An agent could have ensured the job didn’t involve an overnight stay (why was that necessary? it’s not). An agent could insert a clause into a release stating that nothing can happen with those photos without the model getting paid. An agent could ensure that Ratajkowski doesn’t shoot with Leder until both she and Ratajkowski have that release in hand. But Ratajkowski writes that Leder produced a release signed by her agent when asked for it by the New York Times, calling an agent signing such a paper on a model’s behalf “fairly typical (a pretty unacceptable norm).” Her lawyer believed the release was forged.
What people seem to forget is that agents work for models. Agents get paid when their models get paid. Agents are the buffer between the model and the client — there to spare them the anguish of negotiating a fair fee — but time and again, not there to ensure basic standards of professionalism. (Ratajkowski also describes going to a dinner with an agent where she drinks despite being underage.)

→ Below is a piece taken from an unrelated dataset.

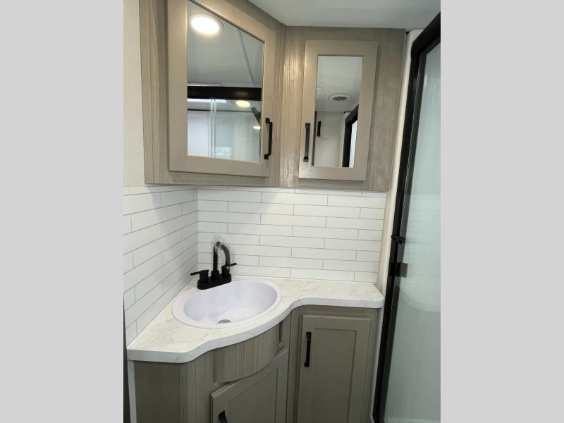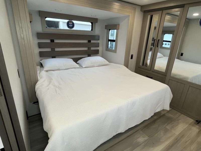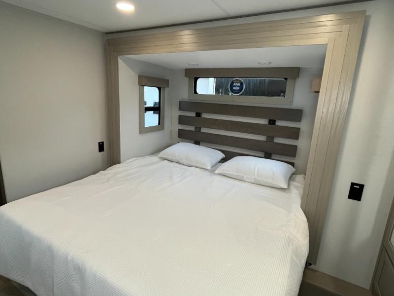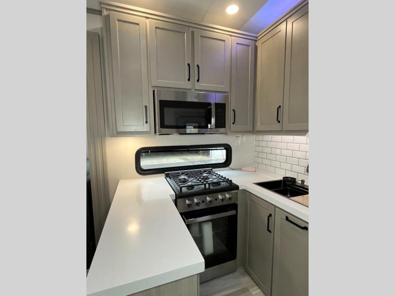With any Momentum M-Class toy hauler by Grand Design, you will enjoy luxury at every turn! They have been constructed to a superior standard with a thermal roof design, triple insulated main floor and garage floor, and a Rail-Tite underbelly seal that will allow you to camp in all elements. Each model also features a, 8' 5" wide body chassis with a wide rail design, no wheel wheels, and a dovetail entry for easier loading. The Stealth A/C system provides maximum cooling power, and the CRE3000 suspension system means you can enjoy a smooth tow each time. You will love the luxurious interior with a professional grade stainless steel cooktop, interior color changing LED accent lighting, a fiberglass shower with a glass door, and solid surface countertops.

Even if models aren’t working in offices, they still deserve a private place to change, to not be left alone wearing underwear or less in a middle-aged man’s apartment, to not be at the receiving end of lewd or disparaging comments. Can you imagine if these things happened to a young female employee in a typical white collar office context?
The Model Alliance, founded by Sara Ziff, has been working to improve conditions for models for nearly a decade now. This week, the organization received the first CFDA Award for "Positive Social Influence.” In a piece for the CFDA’s website, Ziff writes:
Most people assume modeling agencies represent their models’ best interests. Instead, agencies ask models to sign oppressive contracts, maintaining power of attorney while lacking financial transparency. Because licensing and accountability requirements don’t exist, agencies are the ideal vehicle for trafficking children and young adults under the guise of modeling work. Consider Bill Cosby, who allegedly asked agencies to send him “broke, out-of-town” models, and Elite, which sent teenage models to private dinners with former President Trump.

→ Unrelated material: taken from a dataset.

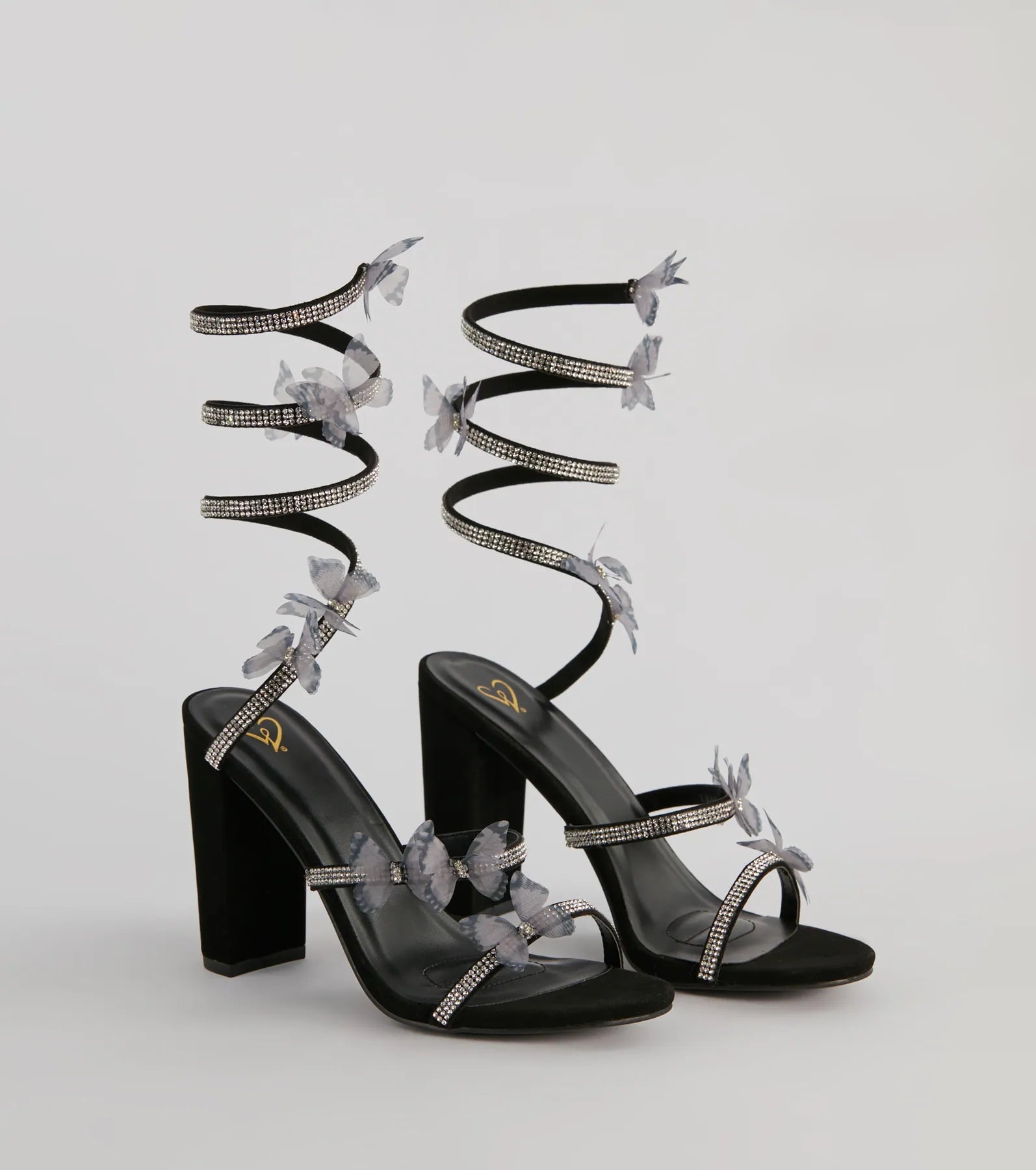 Step out looking like a mythical babe in these statement stiletto heels for a truly exclusive look! These heels are designed with a sleek almond toe, sparkling rhinestone spiral strap adorned with butterfly printed organza appliques, and a sleek stiletto heel. Made from iridescent metallic material, these heels will add a touch of magic to any outfit! Complete the look with a fab skater dress for a party!

If you thought the #MeToo movement had solved most of these problems, Ziff adds that she still hears daily from models seeking “advice on how to deal with sexual, emotional, and financial abuse.” (Not all agents and agencies are terrible, but those daily calls suggest these practices are still widespread.)
If agents didn’t send models to jobs without a guarantee of professional working conditions, these problems could improve. Cleaning things up could also present a revenue opportunity for agencies. If they insisted that models get rights to their image, so women like Ratajkowski wouldn’t be powerless to both control and profit off of art and books featuring their photos, they would make more money.
That agencies are relied upon to send young women to rich and famous men — or any man with a camera and “photographer” on his résumé — to serve as some sort of disposable sexual accessory should disgust everyone in fashion and beyond. Imagine if these agents were as eager to protect these women as that borrowed Moncler jacket.